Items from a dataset
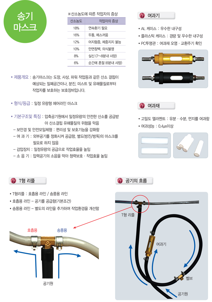 일반형 송기마스크는 소음기, 후드, 밸브, 여과기, 감압장치
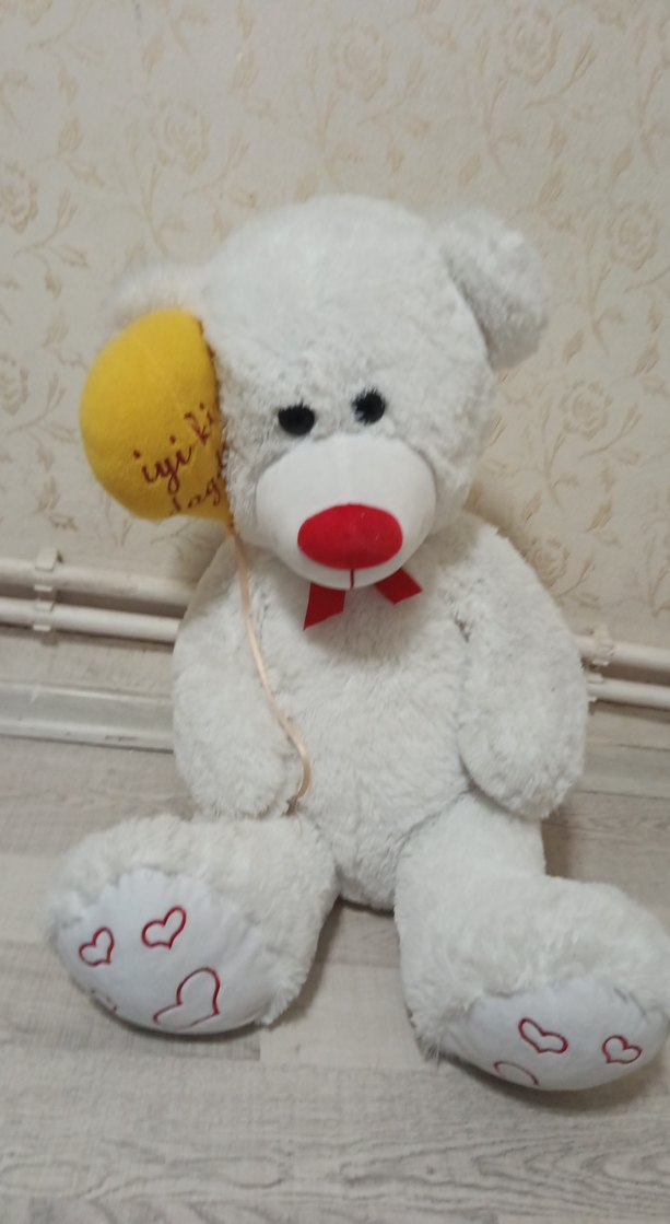 Yumuşak beyaz peluş ayı oyuncak, sarı balon ve ayaklarında kalp nakışları bulunur. Kırmızı burun ve fiyonk detaylıdır.
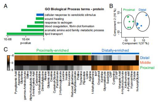 除了遺傳編碼的線索之外,代謝產(chǎn)物可能有助于位置記憶。另外還發(fā)現(xiàn),幾種代謝酶沿尾鰭的近端軸線差異表達(dá),包括aldh1l1。此外,近期富集蛋白的GO分析鑒定出與氨基酸代謝和脂質(zhì)轉(zhuǎn)運(yùn)有關(guān)的蛋白質(zhì)(圖3A)。使用質(zhì)譜法分析未損傷尾鰭的近端,中間和遠(yuǎn)端區(qū)域的代謝物,單個(gè)魚鰭樣品中共定量出125種代謝物。PCA將近端和遠(yuǎn)端魚鰭區(qū)域的代謝物富集聚集成不同的組(圖3B)。幾種代謝產(chǎn)物的豐度在近端和遠(yuǎn)端區(qū)域之間存在差異;26個(gè)近端富集,16個(gè)遠(yuǎn)端富集(圖3C)。
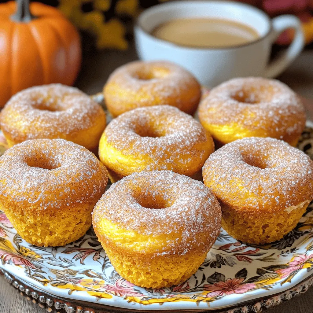 The ingredients for pumpkin spice donut muffins are simple and easy to find. Here’s what you need: - 1 cup canned pumpkin puree - 1/2 cup granulated sugar - 1/2 cup brown sugar, packed - 1/3 cup vegetable oil - 2 large eggs - 1 teaspoon vanilla extract - 1 1/2 cups all-purpose flour - 1 teaspoon baking powder - 1/2 teaspoon baking soda - 1 teaspoon ground cinnamon - 1/2 teaspoon ground nutmeg - 1/2 teaspoon ground ginger - 1/2 teaspoon salt - 1/4 teaspoon ground cloves - 1/3 cup milk - 1/4 cup granulated sugar (for coating) - 1 teaspoon ground cinnamon (for coating) Each ingredient plays a key role in creating the perfect flavor and texture. The pumpkin puree gives moisture and rich taste. Sugar adds sweetness, while brown sugar adds depth. The oil keeps the muffins tender. The eggs bind everything together for a fluffy texture. The spices make these muffins special. Cinnamon, nutmeg, ginger, and cloves create that warm, comforting flavor. You can even tweak the spices to match your taste. Enjoy the process of gathering these ingredients, as they bring you closer to a cozy baking experience. 1. Preheat your oven to 350°F (175°C). This ensures even baking. 2. Prepare a standard muffin tin by greasing it or lining it with paper liners. This helps with easy removal. 3. In a large bowl, mix the wet ingredients: canned pumpkin puree, granulated sugar, brown sugar, and vegetable oil. Stir until smooth. 4. Add two large eggs, mixing well after each addition. Finally, stir in one teaspoon of vanilla extract. 5. In a separate bowl, combine the dry ingredients: all-purpose flour, baking powder, baking soda, ground cinnamon, nutmeg, ginger, salt, and cloves. Whisk until blended. 1. Gradually add the dry mix to the wet mix. Alternate with one-third cup of milk. 2. Start and end with the dry mix. Mix until just combined. Be careful not to overmix, or the muffins may turn out dense. 1. Spoon the batter into the prepared muffin tin. Fill each cup about two-thirds full. 2. Bake in the preheated oven for 18 to 20 minutes. Check for doneness with a toothpick. It should come out clean. 3. While the muffins bake, mix a quarter cup of granulated sugar with one teaspoon of ground cinnamon in a small bowl for coating. 4. Let the muffins cool in the pan for about five minutes. Then, transfer them to a wire rack. 5. While still warm, roll each muffin in the cinnamon sugar mixture. This gives them a sweet, crunchy finish. - Ensure proper oven temperature. Always preheat your oven to 350°F (175°C). This makes sure your muffins bake evenly. - Avoid overmixing for a light texture. When you combine the wet and dry ingredients, mix just until combined. This keeps your muffins fluffy and soft. - Serve on decorative plates. A nice plate makes your muffins look even more tempting. - Dust with extra cinnamon sugar for visual appeal. This adds color and a sweet touch. It makes each muffin shine. - Substitute ingredients for dietary preferences. Use almond milk instead of regular milk or swap out the oil for applesauce. This works well for vegan options. - Add-ins such as nuts or chocolate chips. Toss in some chopped walnuts or chocolate chips for added flavor. You can also try mini marshmallows for a fun twist! {{image_2}} You can take your pumpkin spice donut muffins to new heights with fun flavors. - Maple Pumpkin Spice Donut Muffins: Simply replace half of the granulated sugar with maple syrup. This adds a rich, sweet flavor. The maple pairs beautifully with pumpkin. - Chocolate Pumpkin Spice Donut Muffins: Fold in a cup of chocolate chips for a sweet twist. The chocolate deepens the flavor and makes them extra special. You can make these muffins healthier without losing taste. - Whole wheat flour substitution: Swap all-purpose flour for whole wheat flour. This adds fiber and nutrients. The muffins will still taste great, just a bit denser. - Reducing sugar or using alternatives: Cut down on sugar by using less granulated sugar. You can also try honey or coconut sugar. These options offer a unique flavor while lowering carbs. Make your muffins suit any occasion with seasonal spices. - Holiday-themed spice blends: Add a pinch of allspice or cardamom for a festive touch. These spices add warmth and depth, perfect for holiday gatherings. - Adapting for different occasions: For fall, use nutmeg and cloves. In spring, add lemon zest or a hint of ginger. This keeps your baking exciting and fresh. To keep your pumpkin spice donut muffins fresh, store them in an airtight container. This helps prevent them from drying out. Place a paper towel in the container to absorb excess moisture. This way, you’ll enjoy muffins that stay soft and tasty. You can store them at room temperature for up to three days. If you want to save muffins for later, freezing is a great option. First, let the muffins cool completely. Wrap each muffin in plastic wrap or aluminum foil. Then, place them in a freezer bag. Remove as much air as possible to prevent freezer burn. Muffins can stay frozen for up to three months. When you're ready to eat, thaw them in the fridge overnight. For the best taste, reheat your muffins before enjoying them. You can use a microwave or an oven. If using the microwave, heat on low power for 10-15 seconds. For the oven, preheat it to 350°F (175°C) and warm the muffins for about 5 minutes. This keeps them soft and brings back their flavor. Enjoy your warm, delightful muffins! How do I prevent muffins from sticking to the pan? To stop muffins from sticking, grease the pan well or use paper liners. You can use cooking spray or butter. Make sure to cover all areas inside the cups. Can I use fresh pumpkin instead of canned? Yes, you can use fresh pumpkin. Just cook and puree the pumpkin until smooth. Make sure to remove excess water for the best results. What can I substitute for eggs in the recipe? You can use unsweetened applesauce or mashed bananas to replace eggs. Use 1/4 cup of either for one egg. This keeps muffins 
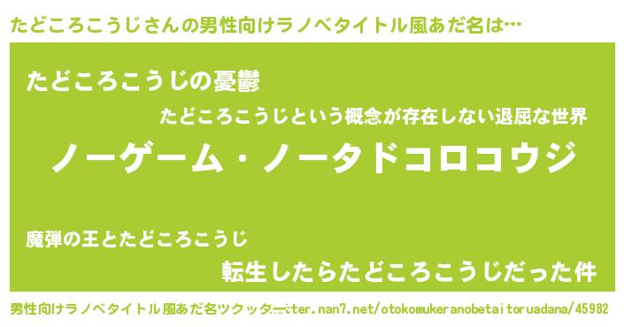| 伝説のあだ名 | 『救世主となる技術者たどころこうじ』 |
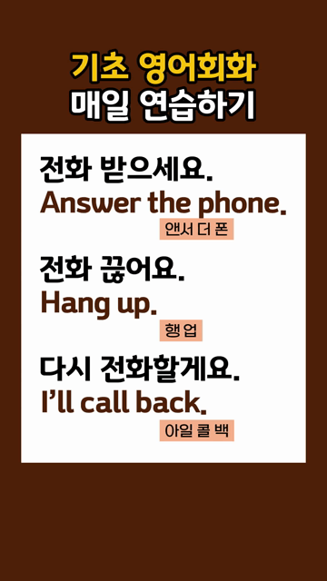 이 카테고리 글 더보기 기초영어회화 처음 배우는 영어 기초영어회화 하루 3문장 왕초보가 먼저 외워야 할 영어문장 다시 시작하는 아주 쉬운 영어 다시 시작하는 영어 초간단 영어문장 하루 3문장 쉬운 영어 영어 왕초보 오늘의 회화 기초 영어회화 처음 배우는 문장 하루 3문장 아주 쉬운 영어 왕초보 영어 기본문장 배우기 이번주 Top 5 외국인 앞에서 자연스럽게 말할 수 있는 문장 10개 생활영어문장 관리자 - 2026-03-26 circum~으로 시작하는 영어단어 접두사/접미사 관리자 - 2026-03-27 기초 회화에 꼭 필요한 쉬운 동사 모음 동사/형용사 관리자 - 2026-03-25 뉴스 영어단어 모음 주제별 영단어 관리자 - 2026-03-28 ~ity 로 끝나는 영어단어 접두사/접미사 관리자 - 2026-03-27 기초 영어회화 매일 연습하기 왕초보문장 기초 영어회화 매일 연습하기 전화 받으세요.Answer the phone.[앤서 더 폰] 전화 끊어요.Hang up.[행 업] 다시 전화할게요.I’ll call back.[아일 콜 백]
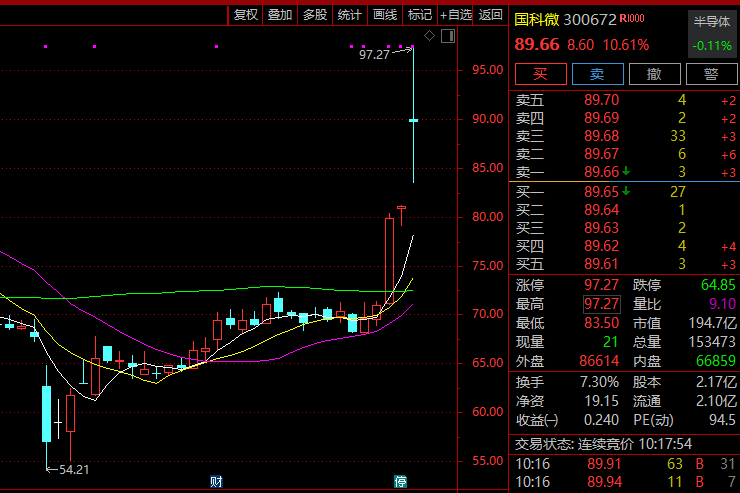 A股芯片设计公司国科微今日复牌,盘初一度涨超13%,截至发稿涨幅仍超10%。
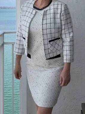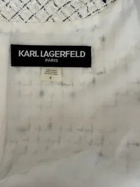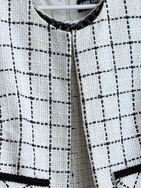Karl Lagerfeld Tweed Dress Suit Set Size 8 Black White Chanel Style
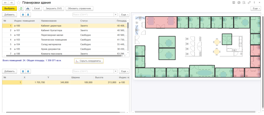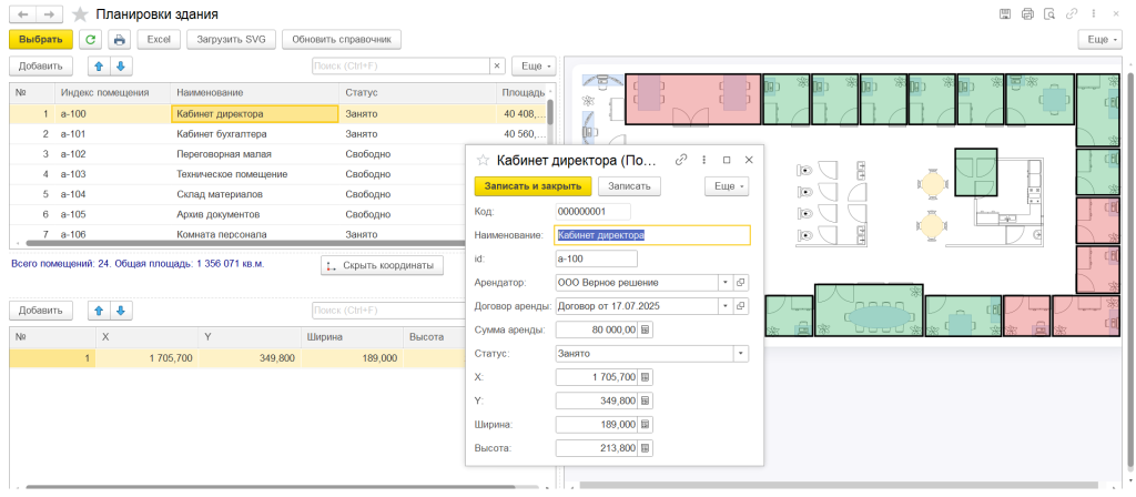Мы решили эту задачу. С нашей доработкой система автоматически читает план в формате SVG, определяет помещения по контурам и сопоставляет их с элементами справочника 1С. Если помещение существует, данные обновляются, если нет — создается новое. Это позволило отказаться от ручной работы, ускорило актуализацию планов и упростило подготовку визуальных схем для внутренних показов.
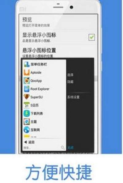 安卓菜单任务栏app是一款模仿电脑开始菜单任务栏的应用软件,通过此软件用户可以自由切换主题,还可以改变开关颜色,喜欢个性化设置的小伙伴可以来试试。
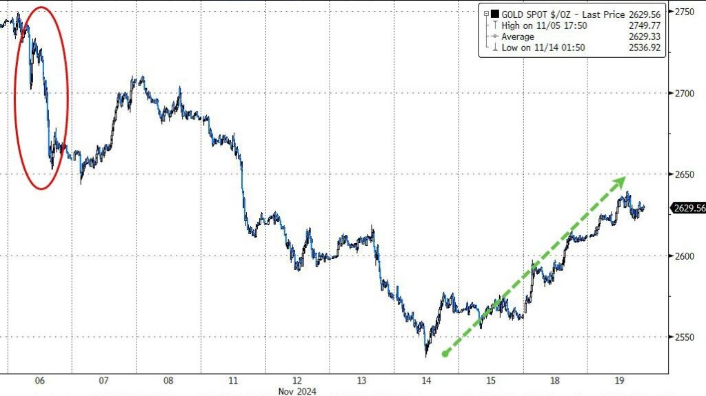 - 黃金:COMEX 12 月黃金期貨尾盤漲 0.80% 至 2635.50 美元/盎司。現貨黃金全天維持漲勢,美股盤前最高漲近 1.1% 上逼 2640 美元,尾盤漲 0.78%,報 2632.22 美元/盎司。

### Try it:
There should be an exact restatement of the lines from the line with "Мы решили эту" through the last line of the entries above, and no pictures in it.

### Written solution:
Мы решили эту задачу. С нашей доработкой система автоматически читает план в формате SVG, определяет помещения по контурам и сопоставляет их с элементами справочника 1С. Если помещение существует, данные обновляются, если нет — создается новое. Это позволило отказаться от ручной работы, ускорило актуализацию планов и упростило подготовку визуальных схем для внутренних показов.
 安卓菜单任务栏app是一款模仿电脑开始菜单任务栏的应用软件,通过此软件用户可以自由切换主题,还可以改变开关颜色,喜欢个性化设置的小伙伴可以来试试。
 - 黃金:COMEX 12 月黃金期貨尾盤漲 0.80% 至 2635.50 美元/盎司。現貨黃金全天維持漲勢,美股盤前最高漲近 1.1% 上逼 2640 美元,尾盤漲 0.78%,報 2632.22 美元/盎司。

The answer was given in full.